RHEL Engineering is moving the tracking of its product development work on RHEL 6 through RHEL 9 to Red Hat Jira (issues.redhat.com). If you're a Red Hat customer, please continue to file support cases via the Red Hat customer portal. If you're not, please head to the "RHEL project" in Red Hat Jira and file new tickets here. Individual Bugzilla bugs in the statuses "NEW", "ASSIGNED", and "POST" are being migrated throughout September 2023. Bugs of Red Hat partners with an assigned Engineering Partner Manager (EPM) are migrated in late September as per pre-agreed dates. Bugs against components "kernel", "kernel-rt", and "kpatch" are only migrated if still in "NEW" or "ASSIGNED". If you cannot log in to RH Jira, please consult article #7032570. That failing, please send an e-mail to the RH Jira admins at rh-issues@redhat.com to troubleshoot your issue as a user management inquiry. The email creates a ServiceNow ticket with Red Hat. Individual Bugzilla bugs that are migrated will be moved to status "CLOSED", resolution "MIGRATED", and set with "MigratedToJIRA" in "Keywords". The link to the successor Jira issue will be found under "Links", have a little "two-footprint" icon next to it, and direct you to the "RHEL project" in Red Hat Jira (issue links are of type "https://issues.redhat.com/browse/RHEL-XXXX", where "X" is a digit). This same link will be available in a blue banner at the top of the page informing you that that bug has been migrated.
Error handling in the output of the *dhcp-script* has been improved
Previously, any error in the output of the *dhcp-script* was ignored. With this update the output of the script is logged on the `add`, `old`, `del`, `arp-add`, `arp-del`, `tftp` actions.
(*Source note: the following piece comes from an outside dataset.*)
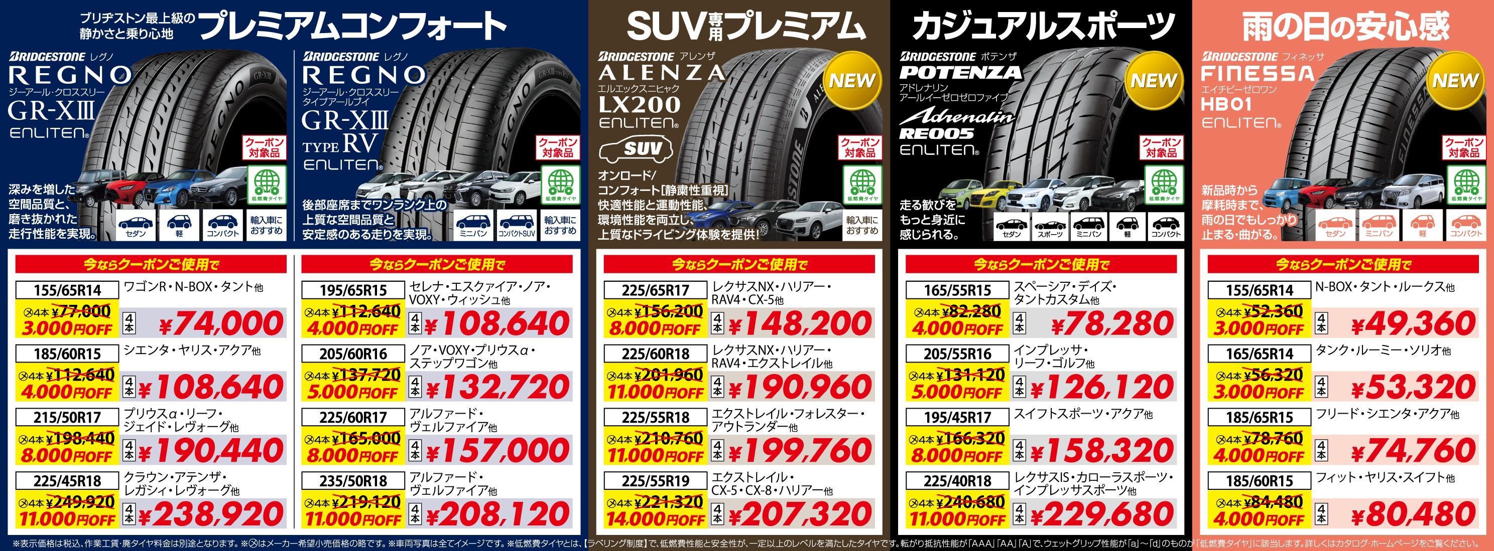ブリヂストンの最新モデルからミニバン・SUV専用タイヤまで幅広く取り揃えています。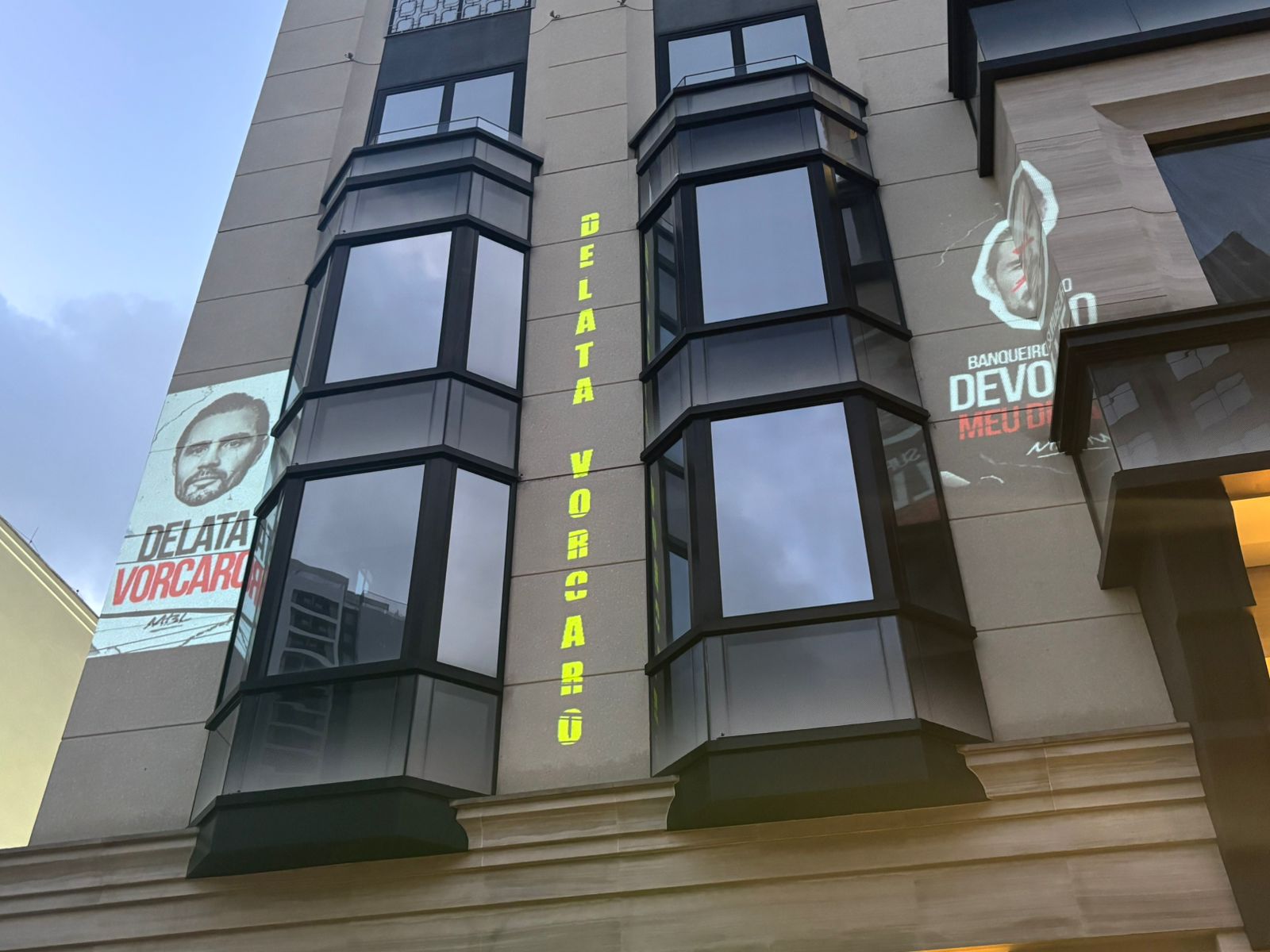 Sede do Banco Master com projetor pedindo para Vocaro “delatar”

As a result, errors are displayed while *dnsmasq* is running.
Note that the lease-init action happens only at a start of *Dnsmasq*. With this update, only a summary of the output is logged and not the standard error output, which passes to the *systemd* service for logging.
Description of problem:
dnsmasq is not giving a reasonable log out when it fails to parse the input of -dhcp-script, for example giving that command:
#dnsmasq --strict-order --bind-interfaces --conf-file= --pid-file=/var/lib/nova/networks/nova-br100.pid --listen-address=192.168.12.1 --except-interface=lo --dhcp-range=set:novanetwork,192.168.12.2,static,255.255.252.0,120s --dhcp-lease-max=1024 --dhcp-hostsfile=/var/lib/nova/networks/nova-br100.conf --dhcp-script=/usr/bin/nova-dhcpbridge --leasefile-ro --domain=novalocal
and a script giving that output:
2015-01-31 12:59:03.499 12398 DEBUG nova.openstack.common.lockutils [req-8cb351cc-a2fe-4bf6-8801-acaa0a6b424c None None] Got semaphore / lock \"__get_backend\" inner /usr/lib/python2.6/site-packages/nova/openstack/common/lockutils.py
dnsmasq crash with a broken pipe:
write(1, "2015-01-31 12:59:03.499 12398 DEBUG nova.openstack.common.lockutils [req-8cb351cc-a2fe-4bf6-8801-acaa0a6b424c None None] Got semaphore / lock \"__get_backend\" inner /usr/lib/python2.6/site-packages/nova/openstack/common/lockutils.py:245\n", 236) = -1 EPIPE (Broken pipe)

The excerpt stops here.